Die Weizenpreise an der Matif notierten etwas freundlicher. In Chicago blieben die Weizenkurse ohne Anregungen. Die US-Maiskurse standen unter Druck und gaben erneut nach. Raps schloss nach Gewinnmitnahmen etwas schwächer. Rohöl konnte seine Vortagesgewinne nicht ganz halten.
 
Weizen: Die Weizennotierungen in Paris legten für November 1 €/t zu. Der November schloss nur noch knapp unter 180 €/t. Zwischenzeitlich bewegten sich die Kurse im Minus, denn der Freitag scheint ein Tag für Gewinnmitnahmen zu werden. Die Zahl der offenen Positionen hat sich trotz des erheblichen Umsatzvolumens nicht signifikant verändert.
In Spanien ist die Weizenernte zu 70 Prozent abgeschlossen. Man rechnet mit einer Weizenernte von 5,4 Mio. t, das wären fast 2 Mio. t über dem Vorjahr und die spanische Weizenernte würde in etwa das Niveau von 2008 erreichen.

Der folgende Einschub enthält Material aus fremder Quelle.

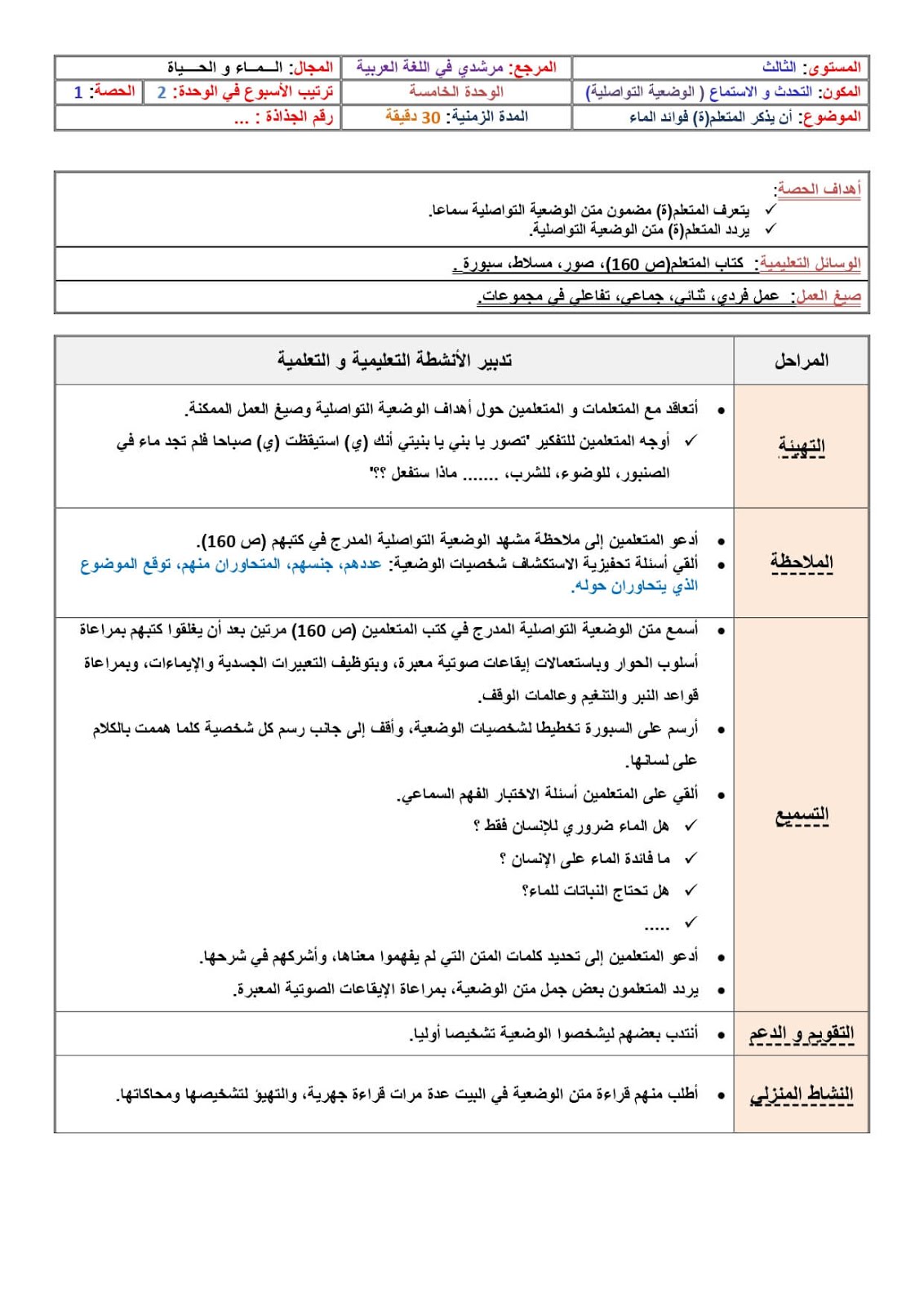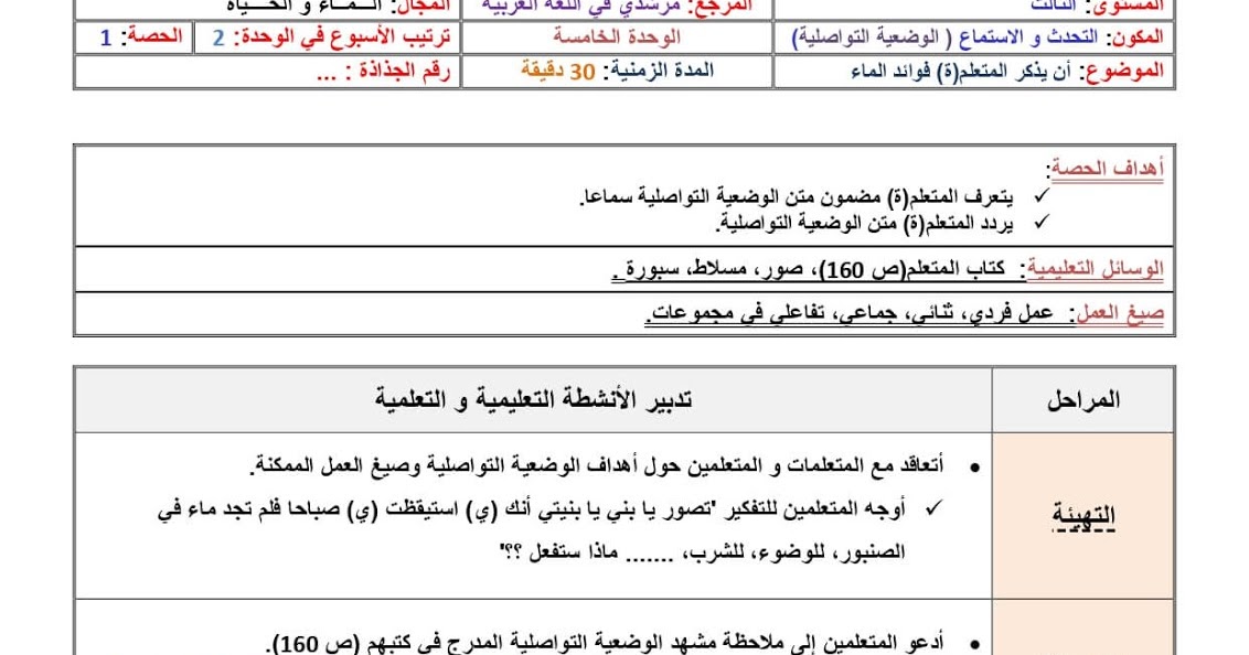 جذاذة الوضعية التواصلية أن يذكر المتعلم فوائد الماء للمستوى الثالث

In Chicago blieb der Weizen ohne Anregungen und schloss mit unwesentlichen Preisveränderungen. Marktführer waren die Börsen in Minneapolis und Kansas, an denen die Weizennotierungen anzogen. Darin drücken sich vermutlich die größeren Exporthoffnungen für die an diesen Börsen notierten besseren Weizensorten aus. In Argentinien liegt die Weizenaussaat durch regenbedingte Behinderungen 20 Prozent hinter dem Vorjahr zurück.
 
Mais: Die kurzfristige Tendenz der Maisnotierungen in Chicago zeigt nach unten. Die Septembernotierungen fielen unter den 100-Tage Durchschnitt und das Chartbild suggeriert Schwäche. In einer Woche haben die Maiskurse 6 Prozent verloren. Bei passablen Wachstumsaussichten fehlen Argumente für einen Wettermarkt.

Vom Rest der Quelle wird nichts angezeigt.